2. Die Beschwerde ist nicht begründet.
a) Der Geschäftswert bemißt sich in Wohnungseigentumssachen gemäß § 48 Abs. 3 Satz 1 WEG nach dem Interesse der Beteiligten an der Entscheidung. Dabei kommt es wegen der Rechtskraftwirkung der angestrebten Entscheidung für und gegen alle Beteiligte (§ 45 Abs. 2 Satz 2 WEG) auf das Interesse aller Beteiligter an (§ 43 Abs. 1 Nr. 1, Abs. 4 Nr. 1 WEG, vgl. BayObLGZ 1981, 202/203; Bärmann/Pick/Merle WEG 7. Aufl. § 48 Rn. 10). Auf Einzelbestimmungen der Kostenordnung (hier z. B. § 30 KostO) ist nicht abzustellen, da angesichts der von der Kostenordnung abweichenden besonderen Gerichtsgebührenregelung in § 48 Abs. 1 und 4 WEG für den Geschäftswert in Wohnungseigentumssachen allein § 48 Abs. 3 WEG maßgebend ist (BayObLGZ 1981, 202/203).

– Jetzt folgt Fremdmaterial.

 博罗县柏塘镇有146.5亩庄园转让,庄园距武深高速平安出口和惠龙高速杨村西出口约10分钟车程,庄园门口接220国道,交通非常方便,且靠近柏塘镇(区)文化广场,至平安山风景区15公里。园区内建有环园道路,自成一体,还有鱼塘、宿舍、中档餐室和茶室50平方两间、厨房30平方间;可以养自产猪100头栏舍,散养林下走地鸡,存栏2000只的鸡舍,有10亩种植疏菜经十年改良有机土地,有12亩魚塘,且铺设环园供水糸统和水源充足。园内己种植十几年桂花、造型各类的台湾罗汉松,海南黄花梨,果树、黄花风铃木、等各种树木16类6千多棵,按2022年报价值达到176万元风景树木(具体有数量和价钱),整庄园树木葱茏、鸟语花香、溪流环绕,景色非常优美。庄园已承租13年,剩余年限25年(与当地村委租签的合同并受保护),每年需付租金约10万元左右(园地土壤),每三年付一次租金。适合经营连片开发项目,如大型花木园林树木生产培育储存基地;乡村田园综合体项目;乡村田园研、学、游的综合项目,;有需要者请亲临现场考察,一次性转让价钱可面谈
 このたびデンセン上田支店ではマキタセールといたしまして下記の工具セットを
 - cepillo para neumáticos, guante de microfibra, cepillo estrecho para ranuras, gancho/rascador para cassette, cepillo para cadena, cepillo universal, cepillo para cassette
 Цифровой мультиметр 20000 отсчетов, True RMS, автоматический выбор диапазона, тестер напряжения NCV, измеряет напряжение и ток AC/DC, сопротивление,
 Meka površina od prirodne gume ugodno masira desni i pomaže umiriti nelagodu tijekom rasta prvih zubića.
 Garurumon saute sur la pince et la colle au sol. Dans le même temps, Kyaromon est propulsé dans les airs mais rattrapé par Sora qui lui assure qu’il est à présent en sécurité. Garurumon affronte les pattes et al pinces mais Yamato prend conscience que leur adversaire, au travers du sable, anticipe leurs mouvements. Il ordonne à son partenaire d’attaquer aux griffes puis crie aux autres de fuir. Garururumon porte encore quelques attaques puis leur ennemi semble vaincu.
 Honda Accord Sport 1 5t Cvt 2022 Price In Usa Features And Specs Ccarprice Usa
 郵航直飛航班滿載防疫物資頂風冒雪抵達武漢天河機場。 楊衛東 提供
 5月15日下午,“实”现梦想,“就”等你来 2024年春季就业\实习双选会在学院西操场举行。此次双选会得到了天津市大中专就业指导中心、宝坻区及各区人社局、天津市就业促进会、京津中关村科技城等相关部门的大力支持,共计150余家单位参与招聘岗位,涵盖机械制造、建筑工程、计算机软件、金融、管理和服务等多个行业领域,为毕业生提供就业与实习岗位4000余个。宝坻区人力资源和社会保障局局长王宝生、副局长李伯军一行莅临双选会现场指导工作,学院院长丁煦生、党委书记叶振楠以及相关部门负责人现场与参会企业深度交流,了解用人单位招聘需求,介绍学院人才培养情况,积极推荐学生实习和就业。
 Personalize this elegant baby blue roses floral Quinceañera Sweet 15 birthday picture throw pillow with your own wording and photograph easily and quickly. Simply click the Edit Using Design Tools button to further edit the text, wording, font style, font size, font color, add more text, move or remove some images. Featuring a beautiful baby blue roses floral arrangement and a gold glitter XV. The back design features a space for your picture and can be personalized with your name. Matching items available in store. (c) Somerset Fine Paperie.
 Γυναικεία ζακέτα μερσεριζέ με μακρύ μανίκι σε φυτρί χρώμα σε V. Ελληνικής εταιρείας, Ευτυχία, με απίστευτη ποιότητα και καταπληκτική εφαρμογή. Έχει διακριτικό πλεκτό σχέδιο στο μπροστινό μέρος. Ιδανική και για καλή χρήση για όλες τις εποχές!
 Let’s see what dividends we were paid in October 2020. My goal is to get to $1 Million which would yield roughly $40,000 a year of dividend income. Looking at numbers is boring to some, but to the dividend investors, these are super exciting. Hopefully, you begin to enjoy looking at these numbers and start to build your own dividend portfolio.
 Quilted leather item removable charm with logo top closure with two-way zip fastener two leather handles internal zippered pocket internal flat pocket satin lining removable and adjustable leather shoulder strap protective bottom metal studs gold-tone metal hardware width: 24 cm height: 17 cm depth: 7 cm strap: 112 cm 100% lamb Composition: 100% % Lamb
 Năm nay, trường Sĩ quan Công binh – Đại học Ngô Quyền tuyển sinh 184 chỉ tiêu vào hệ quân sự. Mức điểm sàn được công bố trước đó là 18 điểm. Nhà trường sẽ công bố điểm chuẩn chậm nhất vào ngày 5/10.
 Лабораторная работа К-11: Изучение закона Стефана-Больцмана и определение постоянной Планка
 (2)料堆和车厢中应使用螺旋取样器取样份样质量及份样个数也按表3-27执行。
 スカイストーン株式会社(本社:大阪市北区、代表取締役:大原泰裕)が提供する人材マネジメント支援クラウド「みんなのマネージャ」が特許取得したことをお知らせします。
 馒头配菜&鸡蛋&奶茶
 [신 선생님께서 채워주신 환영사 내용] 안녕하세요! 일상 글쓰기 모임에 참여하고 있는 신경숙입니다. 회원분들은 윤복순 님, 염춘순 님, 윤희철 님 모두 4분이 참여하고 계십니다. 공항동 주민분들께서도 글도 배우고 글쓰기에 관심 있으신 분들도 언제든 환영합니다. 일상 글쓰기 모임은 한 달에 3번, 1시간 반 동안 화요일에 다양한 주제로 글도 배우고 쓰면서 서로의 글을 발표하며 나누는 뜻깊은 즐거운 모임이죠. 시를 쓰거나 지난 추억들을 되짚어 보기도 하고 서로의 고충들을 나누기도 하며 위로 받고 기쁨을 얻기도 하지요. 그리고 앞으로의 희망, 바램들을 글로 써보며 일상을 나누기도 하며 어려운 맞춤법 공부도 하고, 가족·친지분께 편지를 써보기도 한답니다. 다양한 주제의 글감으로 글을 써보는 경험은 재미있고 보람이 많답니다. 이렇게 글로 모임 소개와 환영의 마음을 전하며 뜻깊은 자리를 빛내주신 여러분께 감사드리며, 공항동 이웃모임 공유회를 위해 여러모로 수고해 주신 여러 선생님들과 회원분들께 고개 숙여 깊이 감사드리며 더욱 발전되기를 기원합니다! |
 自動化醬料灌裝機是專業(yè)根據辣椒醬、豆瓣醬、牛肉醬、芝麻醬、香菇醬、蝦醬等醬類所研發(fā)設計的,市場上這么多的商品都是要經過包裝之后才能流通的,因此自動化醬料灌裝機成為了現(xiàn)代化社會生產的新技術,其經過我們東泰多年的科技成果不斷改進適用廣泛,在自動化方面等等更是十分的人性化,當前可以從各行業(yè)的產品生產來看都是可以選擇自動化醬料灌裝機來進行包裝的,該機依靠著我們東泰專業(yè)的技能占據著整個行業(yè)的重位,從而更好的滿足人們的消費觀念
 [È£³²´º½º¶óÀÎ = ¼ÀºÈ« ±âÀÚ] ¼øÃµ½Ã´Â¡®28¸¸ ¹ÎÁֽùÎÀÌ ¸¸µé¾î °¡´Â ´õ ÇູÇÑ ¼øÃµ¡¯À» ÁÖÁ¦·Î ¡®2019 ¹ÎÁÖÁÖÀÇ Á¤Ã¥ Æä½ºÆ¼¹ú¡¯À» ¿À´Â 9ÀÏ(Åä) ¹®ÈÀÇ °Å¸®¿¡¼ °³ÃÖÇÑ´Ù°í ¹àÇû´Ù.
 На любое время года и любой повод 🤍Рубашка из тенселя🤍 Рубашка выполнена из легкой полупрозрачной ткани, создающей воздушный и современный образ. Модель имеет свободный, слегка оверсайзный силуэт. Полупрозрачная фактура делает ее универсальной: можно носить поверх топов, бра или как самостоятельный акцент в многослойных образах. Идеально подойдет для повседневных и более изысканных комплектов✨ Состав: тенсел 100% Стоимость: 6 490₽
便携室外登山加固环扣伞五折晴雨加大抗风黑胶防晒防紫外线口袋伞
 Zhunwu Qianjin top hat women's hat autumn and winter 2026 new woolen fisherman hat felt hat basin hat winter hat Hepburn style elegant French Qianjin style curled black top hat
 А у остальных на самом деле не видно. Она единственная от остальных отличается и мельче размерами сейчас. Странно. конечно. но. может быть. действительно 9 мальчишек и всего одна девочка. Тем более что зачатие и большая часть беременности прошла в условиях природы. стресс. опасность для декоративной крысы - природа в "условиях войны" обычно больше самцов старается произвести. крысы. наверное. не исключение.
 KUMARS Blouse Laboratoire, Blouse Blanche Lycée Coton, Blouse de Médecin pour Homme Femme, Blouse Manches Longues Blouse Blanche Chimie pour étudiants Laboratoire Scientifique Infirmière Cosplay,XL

Allerdings kann dann, wenn jegliche Anhaltspunkte für eine Schätzung fehlen, vergleichsweise der Regelwert des § 30 Abs. 2 Satz 1 KostO herangezogen werden (BayObLG WE 1990, 63; Bärmann/Pick/Merle Rn. 12; Weitnauer WEG 8. Aufl. Rn. 3, je zu § 48). Dieser Fall liegt hier jedoch nicht vor. Zwar kann die von der Antragstellerin für die Jahre 1990 bis 1996 vorgelegte Berechnung ihrer Benachteiligung durch den bestehenden Verteilungsschlüssel nicht - wie vom Beschwerdeführer beantragt - exakt den Geschäftswert für die angestrebte, in die Zukunft wirkende Gerichtsentscheidung bilden; sie gibt jedoch tatsächliche Anhaltspunkte für die Bemessung des Interesses der Antragstellerin wie auch der übrigen Wohnungseigentümer an der Entscheidung i. S. des § 48 Abs. 3 Satz 1 WEG. Ausgehend von der nach dem Sachvortrag der Antragstellerin angenommenen ungerechtfertigten Mehrbelastung, die in den jeweiligen Jahren sehr unterschiedlich war, erscheint auch dem Senat der vom LG angenommene Geschäftswert von 5.000 DM im Ergebnis angemessen.
Die Geschäftswertbeschwerde des Verfahrensbevollmächtigten der Antragsgegner erweist sich somit als unbegründet und ist zurückzuweisen.